Late afternoon brought a long climb from a village called Hella Hella, which I enjoyed immensely. My bike computer also gauged grades, and this climb often topped 14 percent, on loose gravel, over nearly 3,000 feet of climbing. Liehann was determined to pedal the whole climb without walking, and I aimed for this as well, although admittedly faltered near the top. The first day clocked in at 114 kilometers with 2,600 meters of climbing. Although there was some tough technical terrain on the grassy powerline trails, deteriorating jeep tracks and cattle trails, most of it was rideable. As it turned out, it was one of the easier full days on the route, although I'm not sure I would have believed it if someone told me this at the time. I was pretty spent as we rolled into Allendale farm, our first support station.
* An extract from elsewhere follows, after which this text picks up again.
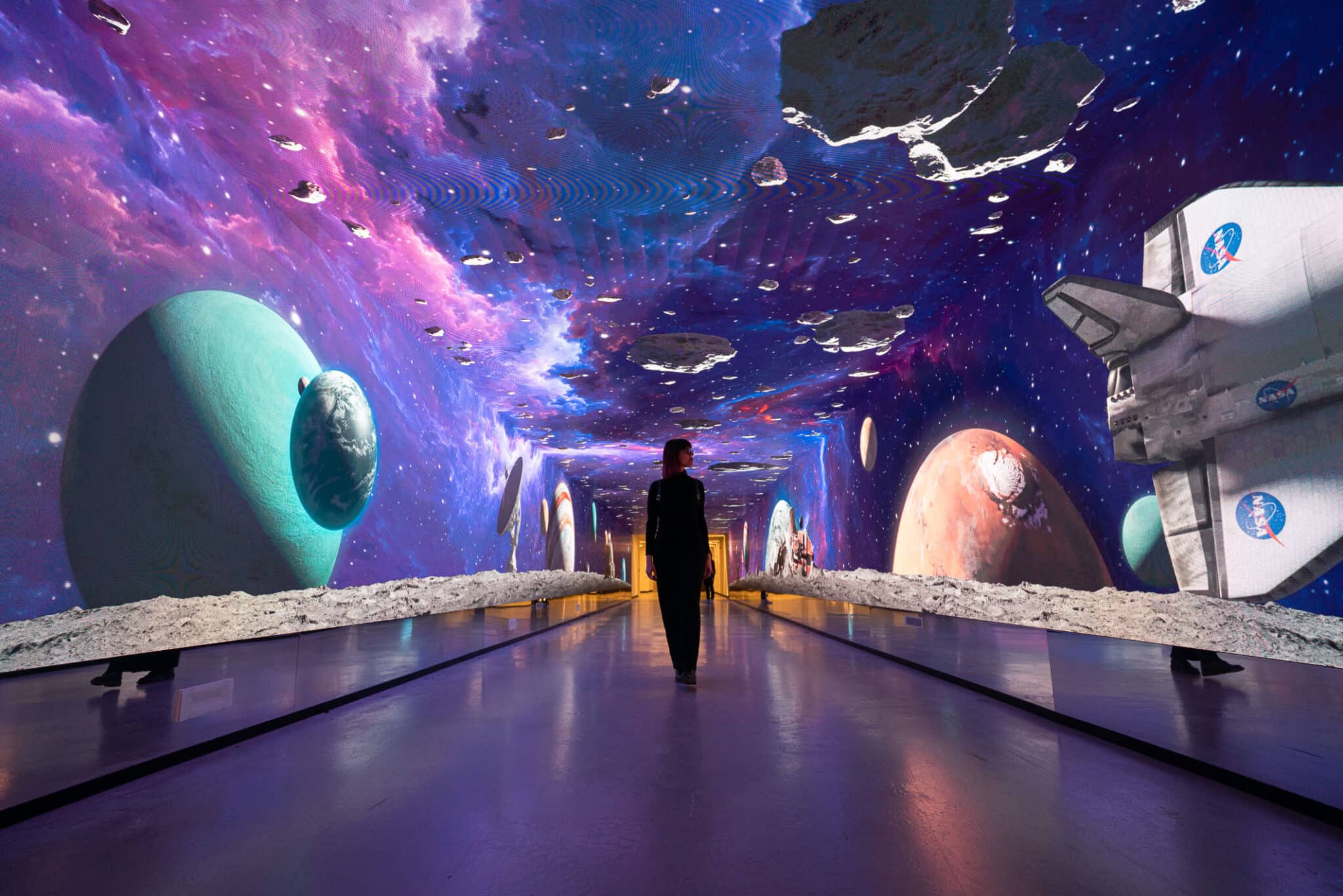 L’installazione di The Gallery, lunga 25 metri, è pensata per accogliere i passanti in maniera immersiva: gli audio video ledwall rivestono interamente le due pareti verticali e il soffitto della galleria, per un totale di 200 mq di schermi e quasi 30 milioni di pixel creando un’immersività totale. Grazie al brevetto di una società specializzata in sistemi di emissione sonora, l’impianto è inoltre dotato di audio invisibile: l’utilizzo di appositi dispositivi installati dietro al ledwall al posto delle tradizionali casse acustiche, permetterà di trasmettere il suono attraverso le vibrazioni, creando così una “bolla sonora”.

In past multiday events, I've become accustomed to either complete self support, or else the bare-bones services you receive in the Iditarod Trail Invitational or Racing the Planet stage events. Freedom Challenge is comparatively luxurious. The woman at Allendale set us up in cabins, did some laundry for us, and prepared a big meal of what would become standard fare out on the trail — chicken pieces, mashed potatoes, rice, mashed pumpkin, peas, and bread. Carby and wonderful. This is one thing I will say about the Freedom Challenge — the food is so good and abundant that it's actually hard to lose weight out there. I lost 15 pounds during the Tour Divide and none in the Freedom Challenge.
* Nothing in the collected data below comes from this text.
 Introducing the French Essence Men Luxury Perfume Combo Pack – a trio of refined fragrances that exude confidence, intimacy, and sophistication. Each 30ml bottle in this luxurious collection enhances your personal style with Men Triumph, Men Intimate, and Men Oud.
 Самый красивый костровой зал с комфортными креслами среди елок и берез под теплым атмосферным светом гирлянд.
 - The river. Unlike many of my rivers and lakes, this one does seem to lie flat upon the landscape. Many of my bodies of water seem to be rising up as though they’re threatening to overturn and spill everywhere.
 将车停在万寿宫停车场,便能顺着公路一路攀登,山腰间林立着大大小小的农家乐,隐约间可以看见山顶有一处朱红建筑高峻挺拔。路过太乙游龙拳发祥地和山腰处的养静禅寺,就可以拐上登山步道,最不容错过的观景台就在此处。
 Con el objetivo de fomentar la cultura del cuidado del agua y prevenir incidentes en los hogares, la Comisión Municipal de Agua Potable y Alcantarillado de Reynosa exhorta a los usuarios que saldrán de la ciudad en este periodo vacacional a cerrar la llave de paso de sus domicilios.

The following morning we were raring to go and set off in the frosty darkness about an hour before sunrise. This would be our introduction to "portages" — making our way across a section of land with no real trail. In our early-race excitement to get moving, we messed up the entry and spent more than an hour trying to find our way out of the farm. We could see Steve, Di, and Tracy's headlamps working their way up a hill off to the side and suspected they were just as lost. I had already accepted that a few hours of going nowhere were simply going to be part of this race, so I wasn't too frustrated about it ... yet. But I was nauseated. I had yet to adapt to the long days in the saddle followed by 4 a.m. wakeup calls, and my body was rebelling. I remedied my nausea by stripping off layers and letting my core become chilled. The temperature was a few degrees below freezing and I was in shorts and a single top again, much to the amazement of the South Africans.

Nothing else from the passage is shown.